Enquanto a barra central da NGC 1365 é constituída principalmente de estrelas mais velhas, muitas novas outras nascem em berçários de gás e poeira na espiral interna, próxima ao núcleo. A barra também tem "chaminés" de gás e poeira gravitacional no centro da galáxia, onde os astrônomos encontraram evidências da presença de um buraco negro supermaciço, bem escondido entre as miríades de novas estrelas intensamente brilhantes.

As diferentes partes da galáxia levam tempos diferentes para dar uma volta completa em torno do centro, sendo que a zona mais externa da barra demora cerca de 350 milhões de anos para completar o circuito.

Observações feitas nos últimos anos indicam que a Via Láctea também poderia ser uma galáxia espiral de barra central.
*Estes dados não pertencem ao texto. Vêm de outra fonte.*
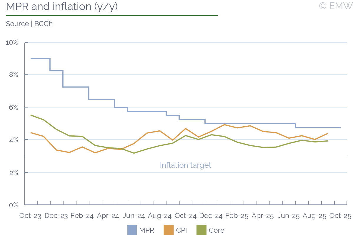 The BCCh's monetary policy council held its benchmark interest rate unchanged at 4.75% in its Oct 28 sitting, as was widely expected, and maintained a cautious tone in its brief guidance that suggests the next cut is likely to wait for 2026. While the guidance was deliberately vague about the triggers and timing for a future cut, we would argue that the monetary policy decision tree currently looks simple. We have been forecasting no more cuts in 2025 since the BCCh published its last monetary policy report, but consensus polls ahead of the October sitting showed a majority still forecasting a 25bps cut in December. That scenario remains plausible, the consensus is likely to shift toward a hold in December and a cut in January with the new BCCh guidance. We are leaning toward March for the next cut. The monetary policy story looks fairly simple right now. CPI inflation has been above the 3.0% y/y monetary policy target since the pandemic. After hitting a post-pandemic low at 3.2% in Q1 2024, inflation increased and has been stubbornly hovering at 4.0%-4.9% y/y since. The monetary policy rate kept declining through 2024 though, pushing the real interest rate down to neutral. With headline CPI inflation currently at 4.40%, expected to end the year above target at 4.00%, and the nominal policy rate at 4.75%, a cut would be hard to justify. In short, the next rate cut will not come until headline and core CPI inflation get closer to 3.0%, and the question is how close would they need to get. For more context to the monetary policy story, headline CPI inflation still contains some residual effects of an overdue power price adjustment that took place in 2024-2025 after price freeze of five years. Core inflation, which excludes the power price noise, behaved a little better than headline CPI, but still hovered consistently in a 3.5%-4.0% range. The real side of the economy is largely neutral for monetary policy currently. The central bank estimates that the economy's output gap is very close to zero, and that the GDP growth composition is relatively balanced, with no particular source of inflationary pressure. There are some concerning spots, for example in persistently weak job creation, but this is something the central bank attributed to a combination of recent reforms that significantly raised labor costs. Lending activity has been weak as well, but starting to trend in the right direction in the last couple of months. Besides the timing for the next cut, the other big question centers on the terminal rate for this cut cycle. The BCCh estimates that the neutral real interest rate is in the 0.50%-1.50% range, and the point estimate is 1.00%. In nominal terms, since the inflation target is 3.00%, the neutral range would be 3.50%-4.50%, but the BCCh would normally be expected to get to 4.00% in the theoretical case that inflation stays at 3.00%. However, recent attempts to replicate the BCCh's methodology for estimating the neutral range yielded that the range should rise to 0.75%-1.75%, and this is leading many to believe that the rate cut process could eventually end at 4.25% or 4.50%. The BCCh has yet to issue any comment on this discussion. | |||||||||||||||||||||||||||||||||||||||||||||||||||||||||||||||||||||||||||||||||||||||||||||||||||||||||||||||||||||||||||||||||

Essas galáxias são muito comuns - dois terços das galáxias espirais têm barras centrais, de acordo com estimativas recentes -, e estudar outras regiões pode ajudar os astrônomos a compreender a nossa própria galáxia.

O ESO é uma organização astronômica intergovernamental que atua na Europa e em observatórios produtivos do mundo todo. É apoiado por 14 países: Áustria, Bélgica, República Checa, Dinamarca, França, Finlândia, Alemanha, Itália, Holanda, Portugal, Espanha, Suécia, Suíça e Reino Unido.

O ESO tem um programa ambicioso, focado na concepção, construção e operação de poderosas instalações de observação terrestres, o que permite aos astrônomos importantes descobertas científicas. A organização também desempenha um papel importante na promoção e organização de cooperação na investigação astronômica.

No Chile, opera três observatórios: La Silla, Paranal e Chajnantor. O ESO é o parceiro europeu do revolucionário telescópio Alma, o maior projeto astronômico existente, e está planejando o telescópio E-ELT, de 42 metros, que pretende se tornar "o maior olho do mundo no céu".